This article was last updated on April 16, 2022
A review from the past, followed by the retrospective of how the film has actually contributed to the changing face of Bollywood – This is the core essence of Shubhra Gupta’s book 50 Films That Changed Bollywood (1995-2015).
Over the years, there have been countless books written around films, actors or directors when it comes to evolution of Hollywood. However, as mentioned by Shubhra during the introduction chapter itself, she wanted to put together a book when she indeed had something to say.
Hence, what she does is dig down 50 (actually 51 – one more as an added measure eventually!) of her reviews from last 20 odd years, present them as-is, and then add 2-3 pages to that while sharing her views around these films as of today.
Honestly, this makes around the half the book exciting only for those who actually want to check out what the author had said about these chosen films back in the day. In the times when even the latest release has at least 50 published reviews from designated critics as well as 50000 social media reviews floating around within hours of release, one wonders what would actually prompt a reader to check out what anyone in particular had to say about some of the most famous films from the past.
Whether it Dilwale Dulhania Le Jayenge, Dil Chahta Hai, Rang De Basanti, Chak De! India, Dev D or Omkara – to name a few – each of these films has been bisected and dissected on countless occasions over the years. Hence, to read about these verbatim – as they were printed back then – would require attention primarily from true movie buffs who want to have a blast from the past.

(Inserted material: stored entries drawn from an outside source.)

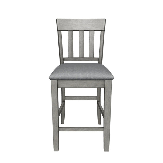 Upholstered Barstool (2/CN),,Made with solid wood;Antiqued gray finish;Upholstered in gray textural polyester fabric;Cushioned foam seat;Contoured comb-back design;Assembly required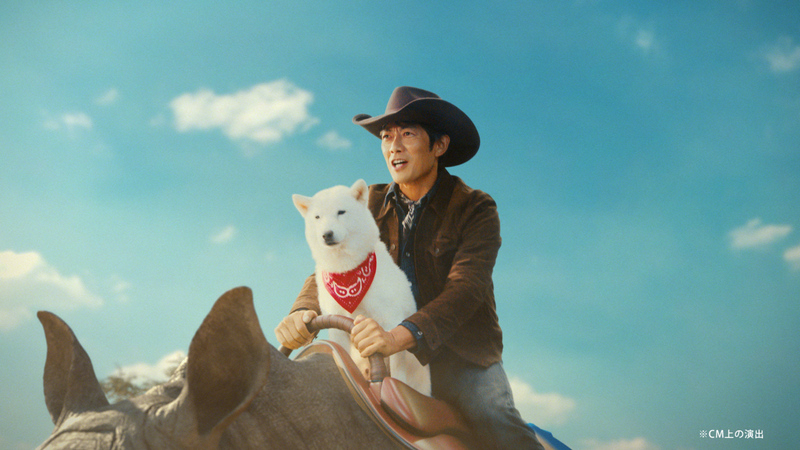 新テレビCMでは、カウボーイ姿の反町さんがサバンナをサイに乗って駆け抜けるシーンからスタートします。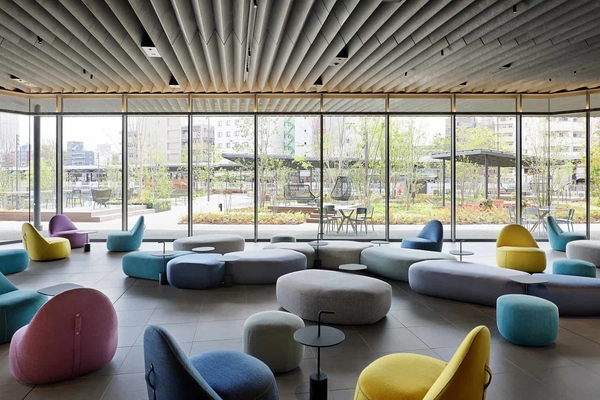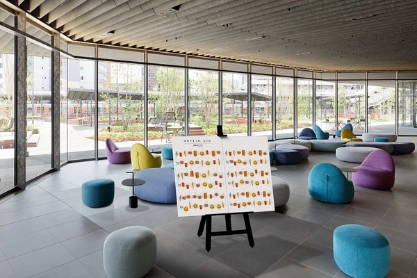1 都市部にありながら緑豊かなガーデンエリア「みやぐりん」や電車や駅のホームが臨めるOMOベースに設置
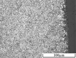 | 表面近傍は若干の残留オーステナイトを含む焼戻マルテンサイト。 表面には粒界酸化が認められる。 | ||
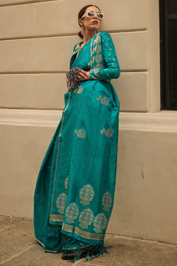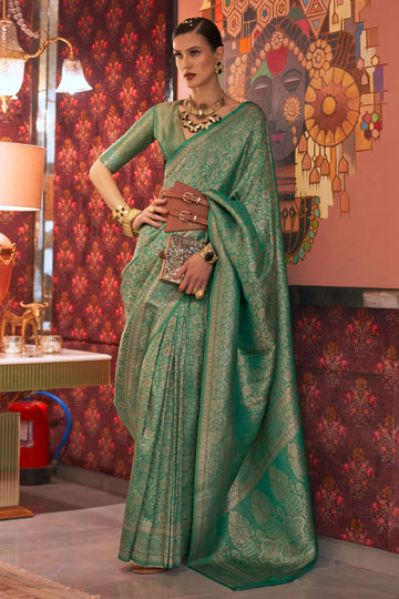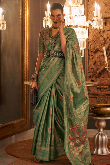 Saree color - Rama green. Fabric - Two tone silk. Work/Pattern - Multi zari handloom...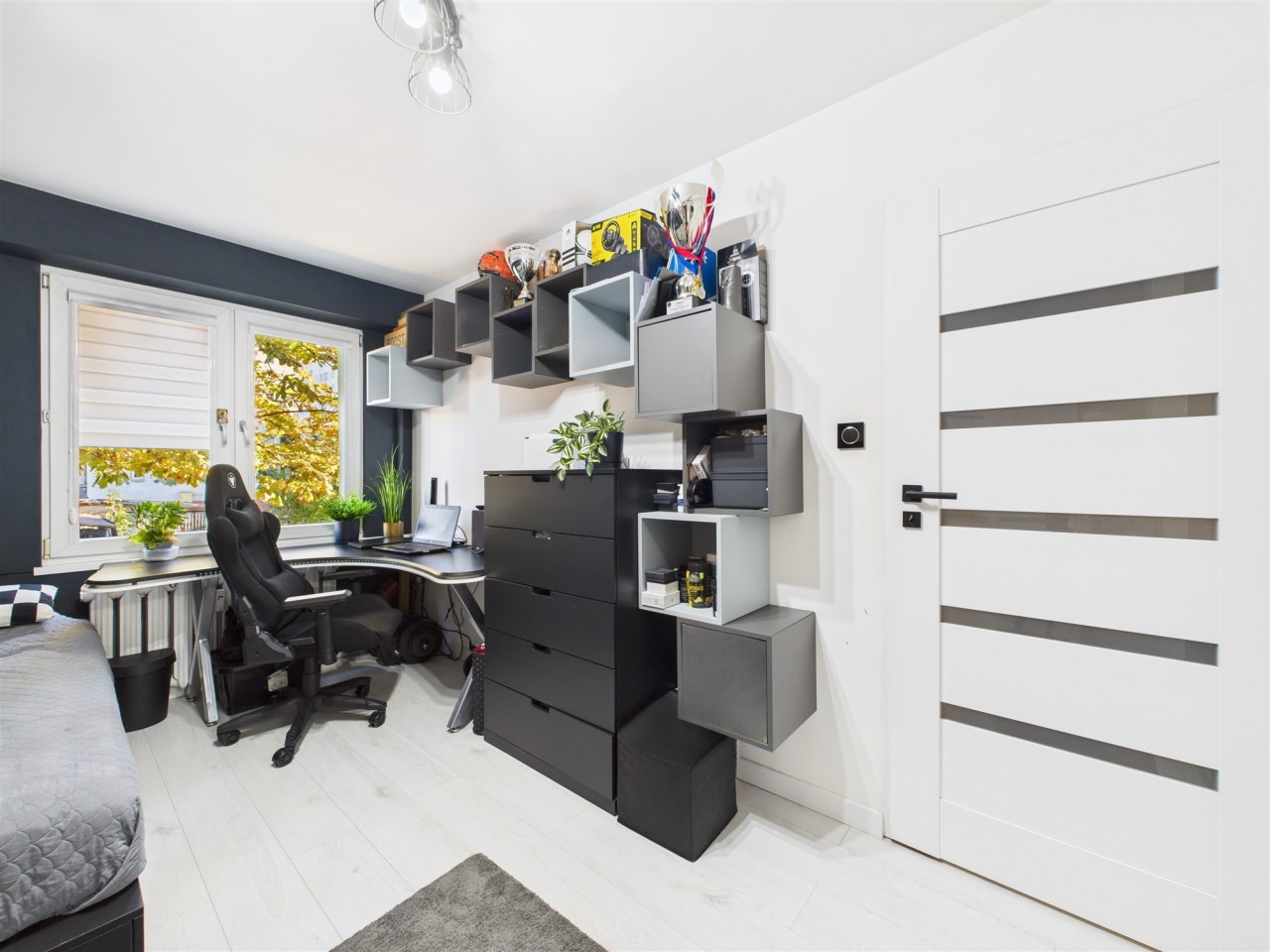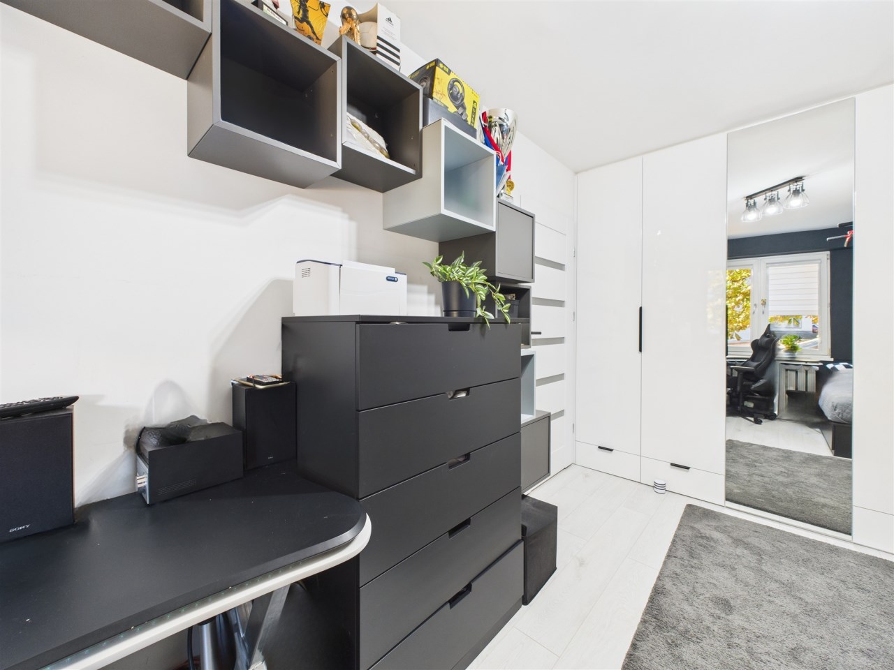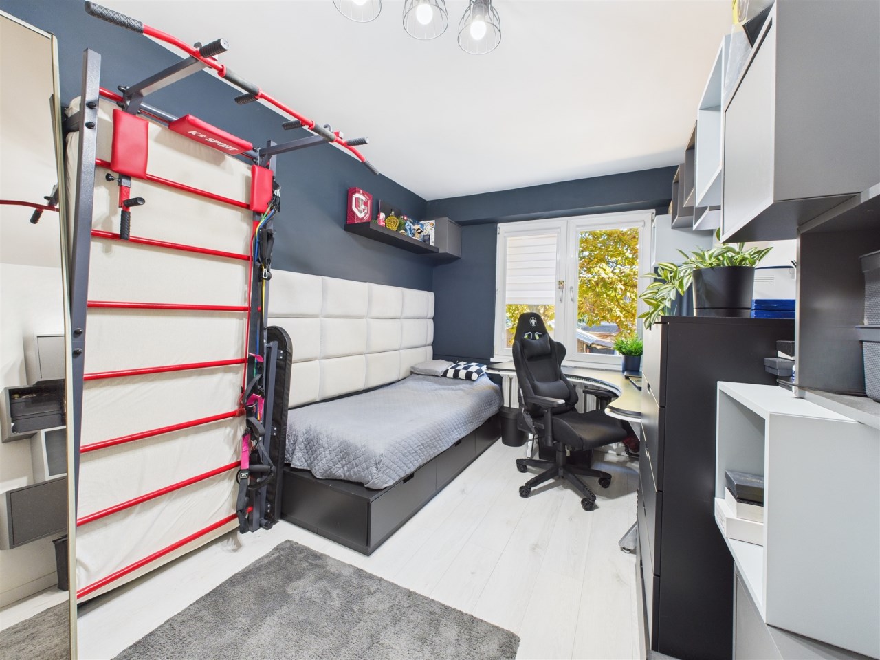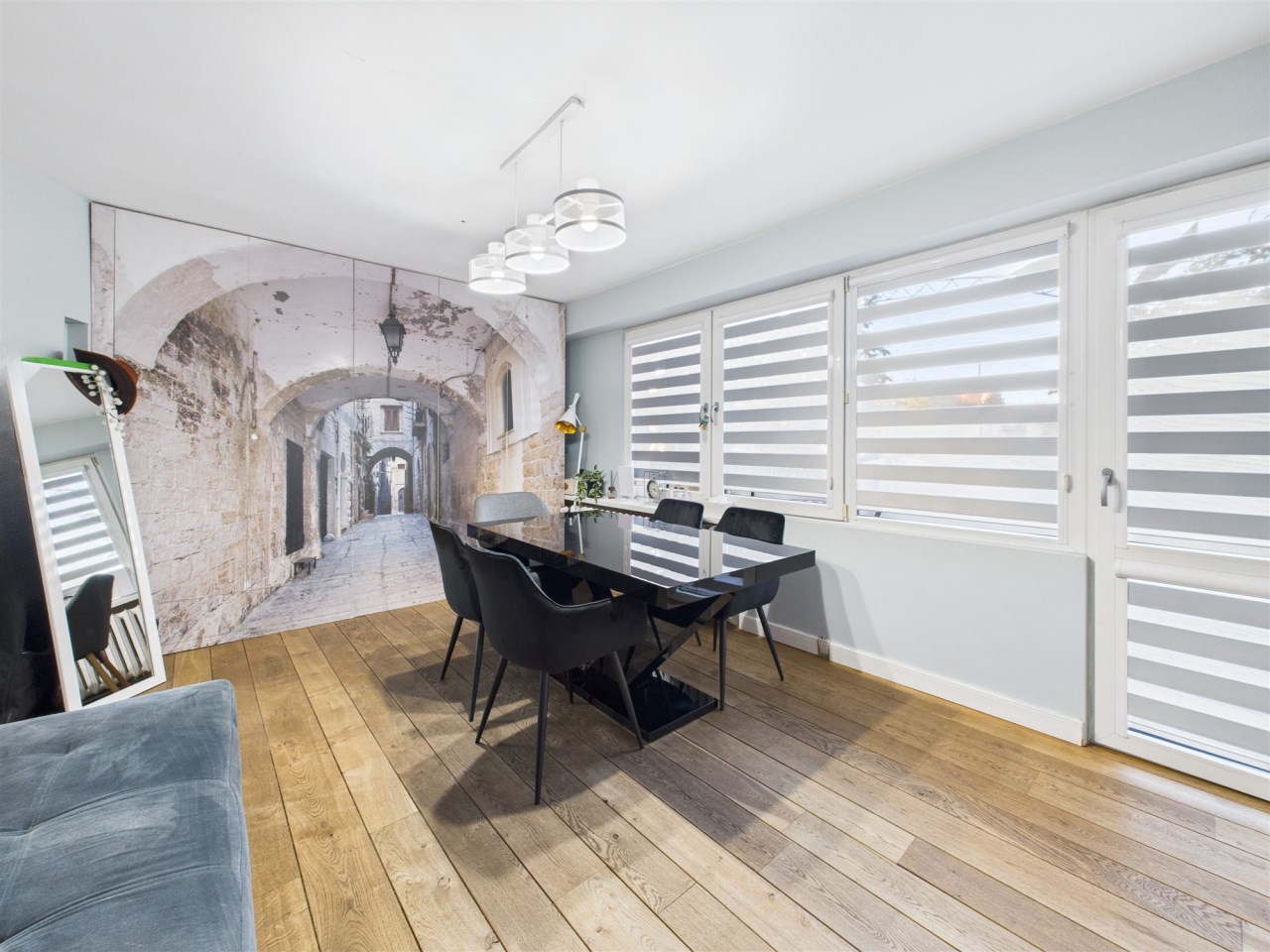 W przestronnym salonie, gdzie podłoga wyłożona jest pięknymi dębowymi deskami, swobodnie mieści się rozkładany stół i wygodna kanapa. Funkcjonalność łączy się tu ze stylem – za fototapetą przedstawiającą urokliwą uliczkę, ukryto pojemną szafę, maksymalizując miejsce do przechowywania. Jedna z sypialni również posiada szafę na całą szerokość pokoju, gwarantując ład i porządek. Druga sypialnia (gościnna) pełni obenie funkcję saloniku telewizyjnego.

As for the commentary that follows from today’s point of view, what with the author pretty much signifying that these are the films that have actually changed Bollywood, it only turns out to be of academic interest. Reason being that at least 30-35 of these 51 films listed would be on the top of the list of anyone and everyone who would be asked to name the ones that have made a difference over the years.
Okay, so may be a Hum Tum or a Haasil or a Johnny Gaddaar or a Kabhi Alvida Naa Kehna or a Dum Laga Ke Haisha may not be everyone’s definition of ‘films that changed Bollywood’. However, one can’t expect to debate around a Satya or a Queen or a Ghajini or a Gadar: Ek Prem Katha or a Lagaan.
It is the lack of surprise factor that makes this book go as far as being one amongst the many well drafted write-ups around Bollywood.
Does it read right? Yes. Does the author have good command over the subject? Of course. Does it make for a good inclusion as a library material? Undoubtedly. However, is it a book that you wish to pick up in a jiffy and finish it in a single run due to any novelty factor? Not really!